Do you know who your competition is ...

NOT that junk from China.

do things differently because of that knowledge? 

Yes, but only slightly, pursuing the least chemicals in the hive that I can do.

Do you want to be on the NY Stock Exchange?

Don't have bees on Wall street.


Roland Diehnelt
Linden Apiary, Est. 1852


----------



## The Honey Householder (Nov 14, 2008)

Beekeeper or Businessman

OHIO'S LARGEST HONEY PRODUCER

I'm a second generation honey producer. My family has been in the business for over 40 years. I'ts always been an out of control hobby running 800-850 hives a year for honey production only. My avg. production is 155 lb per hive. I've bought all the comm. beekeepers out years ago in my area. My costomers are the beekeepers that can't produce enough to meet demand.

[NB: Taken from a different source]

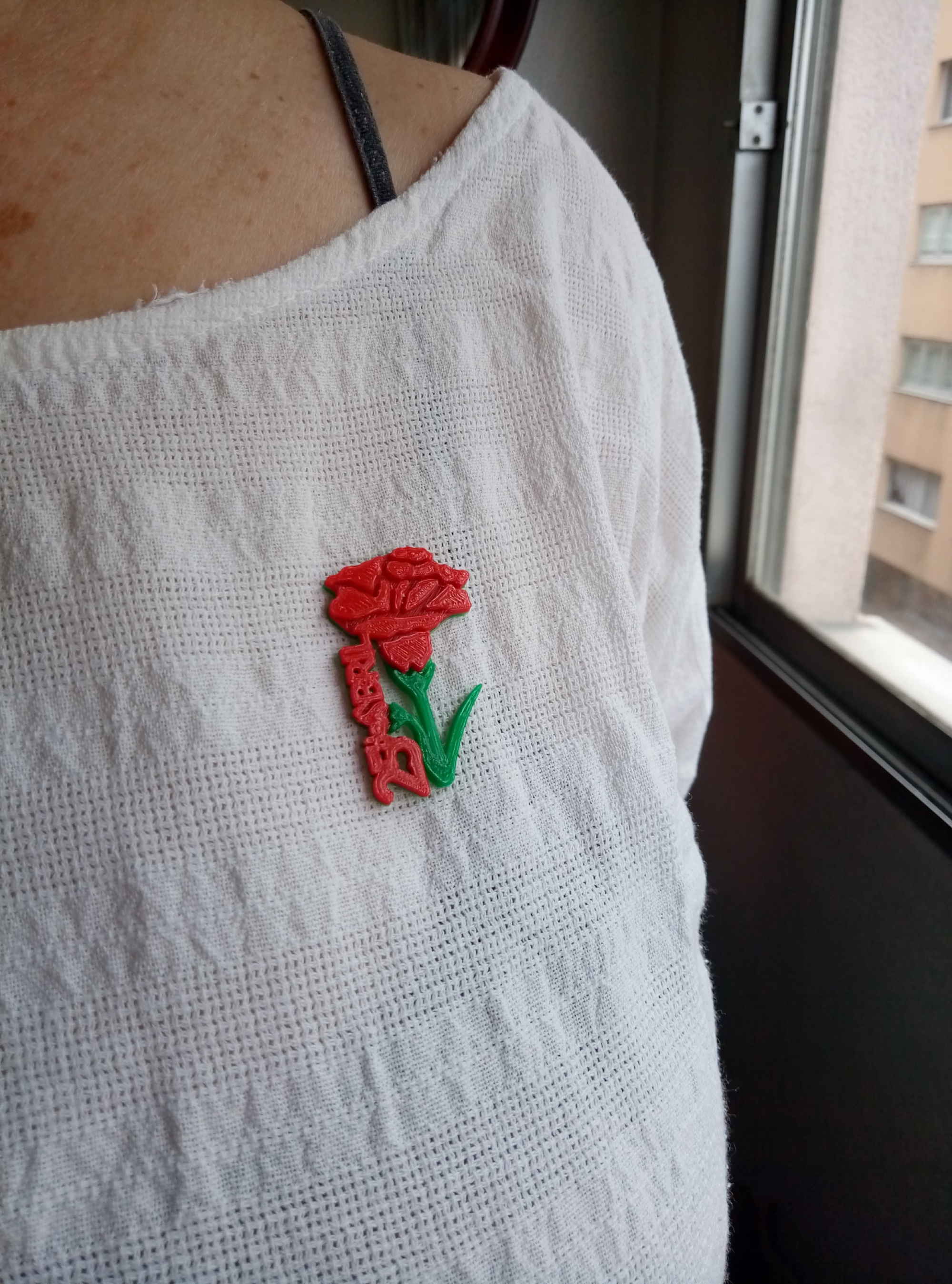 Pin 25 de Abril deseño orixinal de Imprimetresde para conmemorar a “Revolução dos Cravos”, un evento da historia de Portugal resultante do movimento político e social, acontecido o 25 de abril de 1974 e que depón o réximen dictatorial do Estado Novo

My biggest problem lately has been pricing. How high do you go??? The produce alway gets screwed.:ws Thats where the business man has to kick in. :banana:


----------



## Countryboy (Feb 15, 2009)

I've always heard that in today's world, the product you make/produce is not what will make or break you. It is the management decisions that will determine your business success.

My Aunt's ex-husband has a PhD in entomology, specializing in honeybees. He probably has forgotten more about bees than I know. He has taught at universities for years. He even tried being a small commercial beekeeper for 4 years in South Dakota - he bought a guy's operation running 400 hives. He only lasted for 4 years because he went belly up. You can be the best beekeeper in the world, but without business sense, you won't make it.

If you have business sense, it doesn't matter what business you get into - you will do all right.

I have no college education. I was raised poor, and developed a hunger to succeed. My background is in eBaying, grain farming, heirloom vegetable seed production, etc....and growing into beekeeping.


----------



## isensiman (May 18, 2010)

Perhaps the term BEEKEEPING makes our business sound like jokes to most "outsiders". To start accessing loan in my neck of the woods we now refer to ourselves as BEE-FARMERS instead, which in itself is a weird term since the bees does all the work.However whatever we chose to call ourselves,we will prevail.


----------



## honeyshack (Jan 6, 2008)

I think we need a balance of both. We would be unsuccessful if we did not.


----------